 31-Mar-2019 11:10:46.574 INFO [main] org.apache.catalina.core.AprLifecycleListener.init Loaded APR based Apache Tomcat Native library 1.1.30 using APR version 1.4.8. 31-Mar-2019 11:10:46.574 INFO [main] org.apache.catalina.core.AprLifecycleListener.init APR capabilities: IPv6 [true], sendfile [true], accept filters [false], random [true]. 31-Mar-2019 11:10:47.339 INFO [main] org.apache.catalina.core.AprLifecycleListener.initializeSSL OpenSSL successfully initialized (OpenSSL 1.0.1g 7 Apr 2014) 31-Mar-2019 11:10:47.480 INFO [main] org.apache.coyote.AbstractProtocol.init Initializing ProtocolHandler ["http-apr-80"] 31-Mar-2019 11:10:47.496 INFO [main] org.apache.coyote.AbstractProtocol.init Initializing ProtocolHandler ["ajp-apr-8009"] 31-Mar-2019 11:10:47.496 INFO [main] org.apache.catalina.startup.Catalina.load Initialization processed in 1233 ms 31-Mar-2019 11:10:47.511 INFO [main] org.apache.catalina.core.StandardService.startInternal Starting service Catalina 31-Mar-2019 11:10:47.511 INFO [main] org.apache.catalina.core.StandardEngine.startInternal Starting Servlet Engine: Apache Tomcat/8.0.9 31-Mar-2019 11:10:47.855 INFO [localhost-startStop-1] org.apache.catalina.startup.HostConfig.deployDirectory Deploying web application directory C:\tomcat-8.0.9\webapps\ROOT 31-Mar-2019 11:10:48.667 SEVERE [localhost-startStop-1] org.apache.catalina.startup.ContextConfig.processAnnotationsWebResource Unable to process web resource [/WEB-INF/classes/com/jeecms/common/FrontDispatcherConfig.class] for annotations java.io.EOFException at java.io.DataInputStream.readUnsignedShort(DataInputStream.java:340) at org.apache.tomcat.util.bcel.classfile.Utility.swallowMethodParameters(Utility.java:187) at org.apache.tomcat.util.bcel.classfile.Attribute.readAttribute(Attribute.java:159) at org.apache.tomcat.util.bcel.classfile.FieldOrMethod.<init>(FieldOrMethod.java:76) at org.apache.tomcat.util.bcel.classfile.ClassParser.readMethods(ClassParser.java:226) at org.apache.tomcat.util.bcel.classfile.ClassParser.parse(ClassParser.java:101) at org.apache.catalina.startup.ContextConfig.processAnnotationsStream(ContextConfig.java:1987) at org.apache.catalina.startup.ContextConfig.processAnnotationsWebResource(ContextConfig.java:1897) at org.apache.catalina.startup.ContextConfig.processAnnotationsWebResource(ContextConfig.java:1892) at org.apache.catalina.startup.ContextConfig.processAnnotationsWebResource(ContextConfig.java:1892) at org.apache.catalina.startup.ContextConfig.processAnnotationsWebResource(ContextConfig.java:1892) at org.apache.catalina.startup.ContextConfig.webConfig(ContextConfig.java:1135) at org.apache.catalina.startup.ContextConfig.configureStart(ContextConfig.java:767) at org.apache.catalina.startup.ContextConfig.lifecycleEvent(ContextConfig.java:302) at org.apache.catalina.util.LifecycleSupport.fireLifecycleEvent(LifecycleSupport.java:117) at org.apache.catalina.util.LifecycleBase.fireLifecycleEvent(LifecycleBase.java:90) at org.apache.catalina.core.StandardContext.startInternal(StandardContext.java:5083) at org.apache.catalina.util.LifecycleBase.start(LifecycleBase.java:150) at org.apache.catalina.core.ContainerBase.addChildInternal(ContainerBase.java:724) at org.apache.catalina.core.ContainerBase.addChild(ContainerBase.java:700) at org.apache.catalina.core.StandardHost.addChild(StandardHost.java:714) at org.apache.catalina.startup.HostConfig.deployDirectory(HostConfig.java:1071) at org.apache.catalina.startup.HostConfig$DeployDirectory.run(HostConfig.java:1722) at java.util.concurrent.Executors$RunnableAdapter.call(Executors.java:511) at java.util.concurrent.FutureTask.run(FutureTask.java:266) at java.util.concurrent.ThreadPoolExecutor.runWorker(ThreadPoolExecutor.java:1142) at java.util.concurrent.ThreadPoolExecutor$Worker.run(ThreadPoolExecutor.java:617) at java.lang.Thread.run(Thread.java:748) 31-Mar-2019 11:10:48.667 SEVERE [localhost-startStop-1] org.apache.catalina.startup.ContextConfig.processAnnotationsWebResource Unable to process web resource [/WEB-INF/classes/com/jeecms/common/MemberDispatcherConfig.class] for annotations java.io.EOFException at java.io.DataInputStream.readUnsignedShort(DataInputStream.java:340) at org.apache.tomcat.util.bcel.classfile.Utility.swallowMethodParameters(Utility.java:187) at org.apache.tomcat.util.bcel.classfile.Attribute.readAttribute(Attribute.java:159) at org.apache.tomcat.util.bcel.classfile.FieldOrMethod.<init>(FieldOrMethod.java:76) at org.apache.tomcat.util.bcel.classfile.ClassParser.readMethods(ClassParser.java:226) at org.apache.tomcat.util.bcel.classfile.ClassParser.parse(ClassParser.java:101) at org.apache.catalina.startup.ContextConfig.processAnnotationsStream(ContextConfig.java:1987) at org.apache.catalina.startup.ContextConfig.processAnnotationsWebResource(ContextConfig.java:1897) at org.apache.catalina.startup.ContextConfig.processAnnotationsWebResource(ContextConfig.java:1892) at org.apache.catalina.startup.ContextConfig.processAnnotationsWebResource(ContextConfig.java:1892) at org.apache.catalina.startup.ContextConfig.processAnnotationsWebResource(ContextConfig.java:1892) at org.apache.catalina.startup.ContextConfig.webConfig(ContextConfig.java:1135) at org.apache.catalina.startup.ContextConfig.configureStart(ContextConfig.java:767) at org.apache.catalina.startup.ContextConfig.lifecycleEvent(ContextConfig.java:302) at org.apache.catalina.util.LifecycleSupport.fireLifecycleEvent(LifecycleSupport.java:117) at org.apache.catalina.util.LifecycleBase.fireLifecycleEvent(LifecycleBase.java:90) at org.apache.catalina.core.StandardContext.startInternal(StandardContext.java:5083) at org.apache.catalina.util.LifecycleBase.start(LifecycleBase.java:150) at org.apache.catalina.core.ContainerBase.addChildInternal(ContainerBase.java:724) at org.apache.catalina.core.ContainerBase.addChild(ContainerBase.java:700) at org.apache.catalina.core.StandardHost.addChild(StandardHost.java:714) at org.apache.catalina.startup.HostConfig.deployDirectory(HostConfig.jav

---

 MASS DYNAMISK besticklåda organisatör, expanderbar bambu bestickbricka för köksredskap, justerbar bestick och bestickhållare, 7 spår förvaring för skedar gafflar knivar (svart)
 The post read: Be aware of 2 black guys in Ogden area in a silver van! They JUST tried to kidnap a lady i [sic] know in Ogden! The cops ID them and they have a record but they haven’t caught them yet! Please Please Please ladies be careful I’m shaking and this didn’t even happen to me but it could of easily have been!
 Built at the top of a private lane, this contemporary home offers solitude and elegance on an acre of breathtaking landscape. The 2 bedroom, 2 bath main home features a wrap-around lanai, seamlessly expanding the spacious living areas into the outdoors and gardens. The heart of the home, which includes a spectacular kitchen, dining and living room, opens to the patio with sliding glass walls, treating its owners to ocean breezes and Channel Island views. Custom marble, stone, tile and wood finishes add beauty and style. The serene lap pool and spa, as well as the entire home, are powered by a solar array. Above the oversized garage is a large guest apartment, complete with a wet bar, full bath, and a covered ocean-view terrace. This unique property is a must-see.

** Your objective **
Extract every line of the records above that contains the word "this".

** Written solution **
 The post read: Be aware of 2 black guys in Ogden area in a silver van! They JUST tried to kidnap a lady i [sic] know in Ogden! The cops ID them and they have a record but they haven’t caught them yet! Please Please Please ladies be careful I’m shaking and this didn’t even happen to me but it could of easily have been!
 Built at the top of a private lane, this contemporary home offers solitude and elegance on an acre of breathtaking landscape. The 2 bedroom, 2 bath main home features a wrap-around lanai, seamlessly expanding the spacious living areas into the outdoors and gardens. The heart of the home, which includes a spectacular kitchen, dining and living room, opens to the patio with sliding glass walls, treating its owners to ocean breezes and Channel Island views. Custom marble, stone, tile and wood finishes add beauty and style. The serene lap pool and spa, as well as the entire home, are powered by a solar array. Above the oversized garage is a large guest apartment, complete with a wet bar, full bath, and a covered ocean-view terrace. This unique property is a must-see.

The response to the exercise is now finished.